# SQL-on-FHIR v2 (FHIR Connectathon May 2023)
## Connectathon follow ups:
* Ryan Brush to turn this doc into a level 2 spec draft proposal
* Ryan Brush to update the [experimental Python example](https://github.com/google/fhir-py/tree/main/google-fhir-views#readme) to follow the draft spec.
* John Grimes to create some test cases for level 2 views, including test data and expected outputs
* John Grimes to create proof-of-concept implementation of view execution
* John Grimes to create proof-of-concept implementation of Spark encoder that follows these patterns. (A modification of what Pathling currently does)
* Dan Gottlieb to write examples of level 2 syntax
* Nikolai working on annotated parser for FHIRPath to translate to SQL (Duckdb & Postgres jsonb)
* Nikolai generate parquet from SD
* Make Rich Hickey DM for ideas we discussed
## Goals and Requirements
[Previous draft of requirements here](https://github.com/FHIR/sql-on-fhir-v2/discussions/69).
### A portable, unambiguous specification
Any good standard is unambiguous and portable between technology stacks, and this is no exception.
## Define an "Annotated Layer" for db-friendly lossless storage of hierarchical FHIR data, annotated to improve queryability
Problem: Raw FHIR can be inefficient to use inside a database, requiring repetitive extraction, string parsing, date math, etc.
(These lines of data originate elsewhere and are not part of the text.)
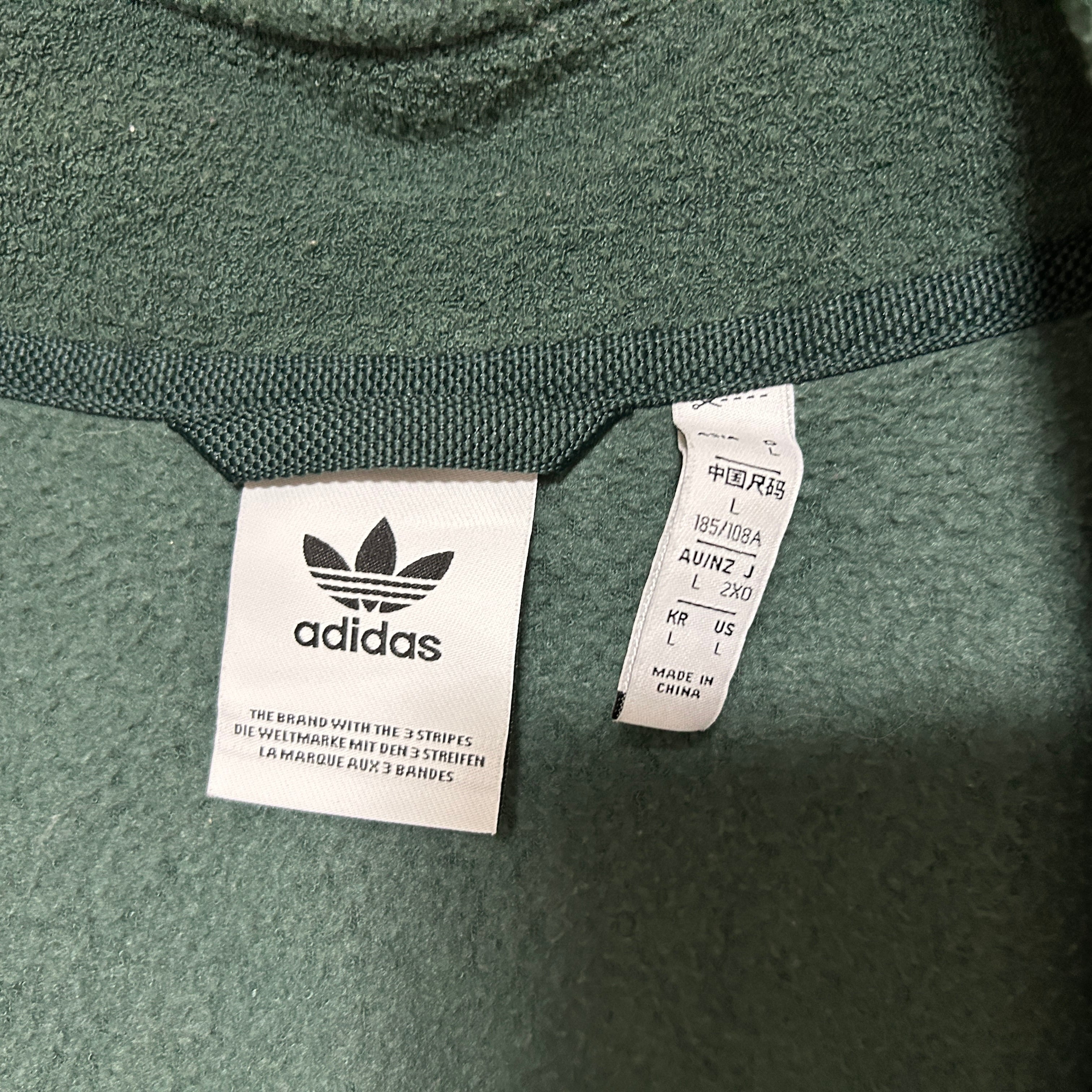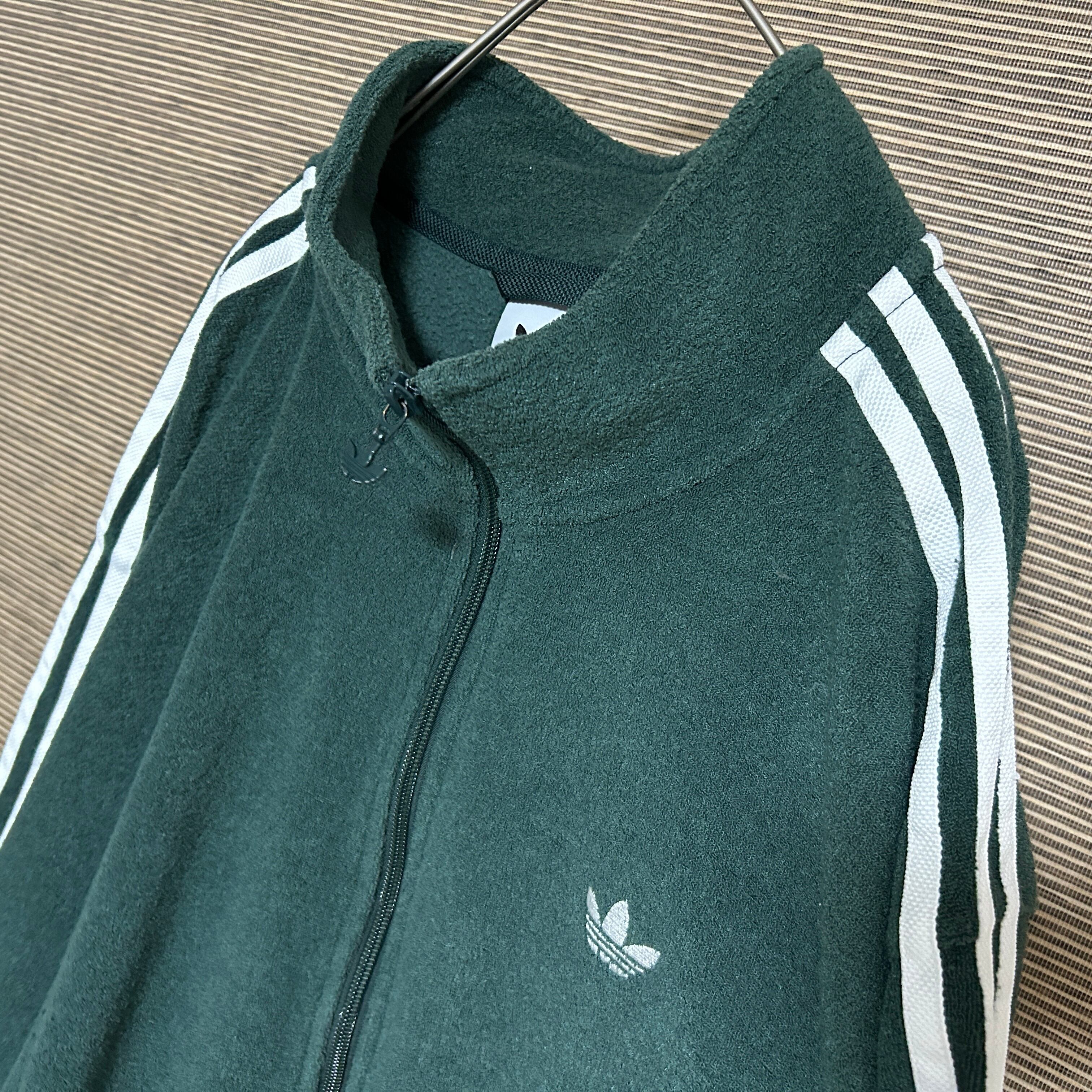 アディダス ジャージ トラックジャケットパイルトレフォイル モスグリーンA4 古着 ワンポイントロゴ 刺繍 三本線
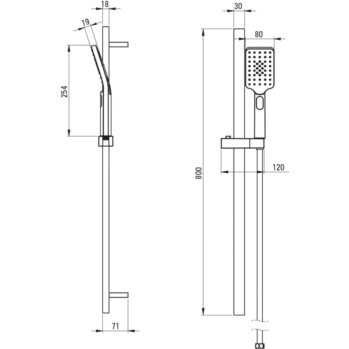 - Stange aus Stahl mit Halterung und einstellbarem Neigungswinkel für den Duschkopf
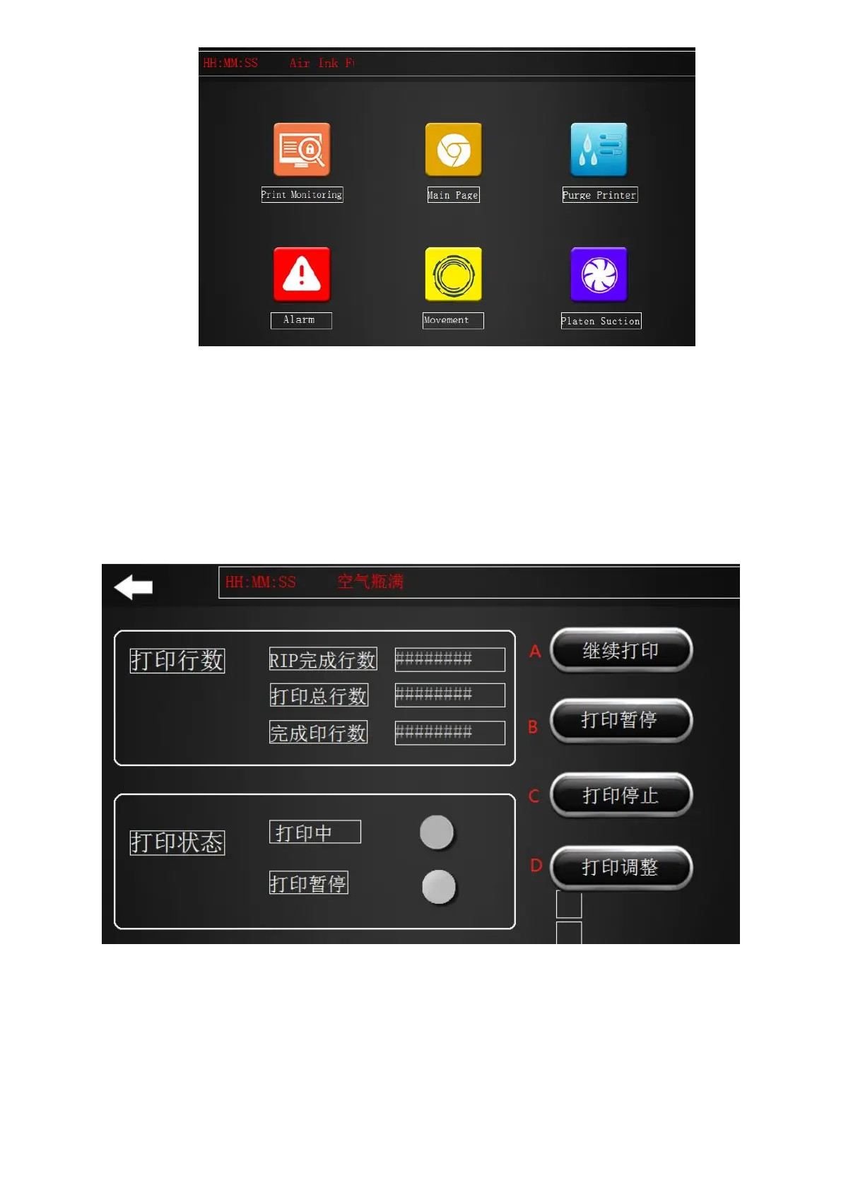 The interface includes the ‘print monitoring’, ‘main page’, ’purge printer’, ‘alarm’, ‘movement’,

Solution: Annotated Layer establishes consistent pre-processing and annotation of raw FHIR resources to simplify downstream logic.
Inputs: raw FHIR data (e.g., `.ndjson` files from Bulk `$export`)
Outputs: annotated FHIR data in a query-ready format -- e.g. as json in files, as a json column in a database, or in a hierarchical schema in a columnar database
#### TODOs:
* Define approach for extracting contained resources
* Define additional annotations (see [annotation TODOs](#annotation-todos))
* Determine the scope of these recommendations (e.g. JSON, Parquet, etc -- or leave those details out of scope?)
* Determine what unit conversions (if any) should be done in the annotation layer, or defer those to the view or analytics layers?
## Define a "View Layer" that maps hierarchical FHIR data into rectangular tables
Some common features such as:
* filter resources by simple fhirpath subset
* allow unnesting across paths in a resource
* extract data into columns
Leave room for optional features such as:
* units canonicalization / conversion
* resource reference resolution
* conditional evaluations
Possible approach:
- Convert existing queries into declarative FHIRPath rule syntax
- Generate SQL queries from FHIRPath rules
### Core FHIRPath function support:
Implementations of this spec MUST support these:
* `where` function to select items in arrays (like the home address)
* `exists` function to support filtering iitems
* `extension(url)` shortcut function
* `join` function
* `split` ?
* `equals` operator, primarily for use in the where function above.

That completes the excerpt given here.